· zod / valibot / schema-validation
Zod vs Valibot: Schema-Validation Tradeoffs in 2026
Valibot shrinks your form validator 12× over Zod — but Zod wins on ecosystem, i18n, and Astro Actions. Real bundle numbers, real code, one recommendation.
By Ethan
1,883 words · 10 min read
Pick Zod if you’re on a Node.js server, already have Zod in the stack, or use Astro Actions. Pick Valibot if you deploy to the browser or edge and have 15 KB to account for — Valibot’s tree-shaken bundle for a typical login form is 1.37 kB against Zod’s 17.7 kB, a 12× gap that shows up in cold-start metrics. Both validate TypeScript schemas correctly in 2026. The decision is about bundle bytes, ecosystem fit, and team inertia — not correctness.
Who this is for
TypeScript developers choosing a schema validator for a new project, or evaluating a move from one to the other. If you’re already on Zod and satisfied, the ecosystem and verdict sections will tell you the specific scenarios where the calculus changes.
Version pins
All numbers below are specific to these releases:
| Library | Version | Released |
|---|---|---|
| Zod | v4.4.3 | May 4, 2026 |
| Valibot | v1.4.0 | May 5, 2026 |
At a glance
| Metric | Zod v4.4.3 | Valibot v1.4.0 |
|---|---|---|
| Monthly downloads | ~595M | ~32.9M |
| GitHub stars | 42,732 | 8,690 |
| Full bundle (gzip) | 60.3 KB | 14.4 KB |
| Typical form bundle (esbuild) | ~17.7 kB | ~1.37 kB |
| API style | Chained OOP | Functional composition |
| Tree-shaking | Partial (excellent in Zod Mini) | Excellent by design |
| TypeScript requirement | v5.5+ strict | v5+ |
| Zero dependencies | Yes | Yes |
| License | MIT | MIT |
| Last release | May 2026 | May 2026 |
Both are actively maintained, zero-dependency, MIT-licensed. Zod has 17× the download volume. The gap on bundle size is the only axis where one decisively beats the other.
Bundle size
This is the only number that actually changes your deployment.

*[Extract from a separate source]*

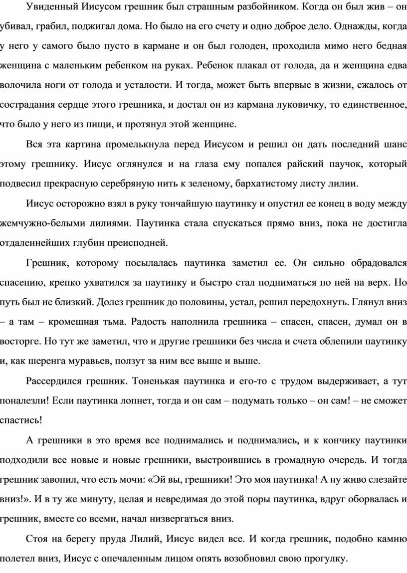 Вся эта картина промелькнула перед Иисусом и решил он дать последний шанс этому грешнику. Иисус оглянулся и на глаза ему попался райский паучок, который подвесил прекрасную серебряную нить к зеленому, бархатистому листу лилии.

Bundlephobia (measured May 21, 2026) puts the full packages at:
| Zod 4.4.3 | Valibot 1.4.0 | |
|---|---|---|
| Minified | 274.7 KB | 83.4 KB |
| Gzip | 60.3 KB | 14.4 KB |
But importing an entire library is not how you use these tools. The Valibot comparison guide builds a realistic login-form validator with esbuild and measures what actually ships to the client:
| Library | esbuild output |
|---|---|
| Valibot v1 | 1.37 kB |
| Zod Mini | 6.88 kB |
| Zod (standard) | 17.7 kB |
Why the gap? Valibot’s functions are standalone. Importing v.string() and v.email() bundles those two functions and nothing else. Zod’s chained class API means importing the z namespace pulls in the full prototype chain.
Zod v4 introduced Zod Mini (import { z } from "zod/mini") — a functional API similar to Valibot’s style that cuts the bundle to ~3.94 kB with Rolldown. That narrows the gap, but Valibot still wins at 1.37 kB.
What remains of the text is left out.